拝啓_点数を聞かなかった君へ
拝啓、点数を聞かなかった君へ
蒔田志門へ。
同窓会の案内に、あなたが海外勤務で欠席すると書いてあったので、この手紙を預けます。
高校二年の冬、私は定期試験で学年最下位になりました。
父の店が倒産し、夜は倉庫で荷札を貼る手伝いをしていました。授業中に眠り、宿題を出さず、先生からは「やる気がない」と言われました。
あなたは、点数を聞きませんでした。
放課後、駅の待合室で参考書を開き、こう言いました。
「今日は、どの問題を一緒に倒す?」
私は「全部」と答えました。
あなたは笑わず、一問だけ選びました。
教え方は上手ではありませんでした。説明が長く、自分でも途中で分からなくなり、二人で答えを間違えたこともあります。
でもあなたは、私が眠そうな日は十五分で切り上げました。
夕食を食べていない日は、勉強より先に肉まんを半分くれました。
試験が返ってきても、何点だったか尋ねず、「前より読めた問題はあった?」と聞きました。
一度、私は「かわいそうだから教えるの」と尋ねました。
あなたは本気で首をかしげました。
「友達が困ってるから。一問くらいなら、隣に座れる」
その答えが、どんな公式より長く残りました。
三学期、私は四十二点を取りました。
赤点ぎりぎりでしたが、答案を見て泣きました。あなたは「四十二点で泣く人、初めて見た」と言い、自分も泣いていました。

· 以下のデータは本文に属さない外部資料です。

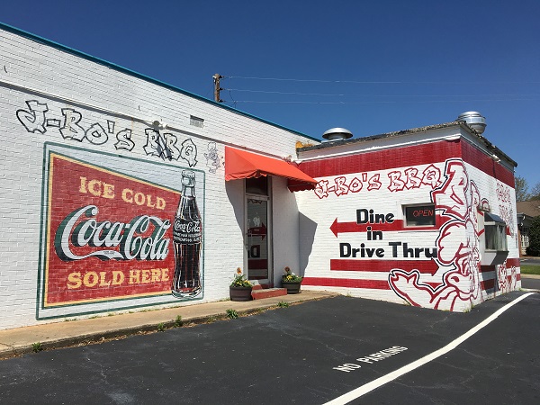 The last time that I was in Carrollton, I deliberately left behind a couple of barbecue places either for a rainy day or for other writers to check out. The city of 26,000 has at least six barbecue restaurants in its metro area. One of these is J-Bo’s, which Jason May opened in 2009. Its location is certainly one of the most unusual spaces of any restaurant that I’ve visited. It’s in a two-store building, kind of like a little strip mall, with a coin laundry on the other side of the wall. Now, having a next door neighbor that doesn’t serve food is nothing out of the ordinary, but these two spaces have a window between them. So if there’s nothing good on the TV while you enjoy your lunch, you can always watch people’s down comforters tumbling around in the wash.

あのとき救われたのは、進級できたことだけではありません。
点数の低い私を、価値の低い人間として扱わない友達がいたことです。
今、私は夜間中学で数学を教えています。
仕事をしながら学ぶ人、長く学校へ通えなかった人、日本語を覚えながら計算する人。教室には、点数だけでは測れない事情が座っています。
昨日、一人の生徒が白紙の小テストを机へ伏せました。
私は点数を聞きませんでした。
「今日は、どの問題を一緒に倒しますか」
そう尋ねると、その人は顔を上げました。
あなたが忘れている小さな親切は、二十年以上たっても授業の中で使われています。
教えてもらった公式の多くは忘れました。
でも、分からない人の隣へ座る方法だけは、今も覚えています。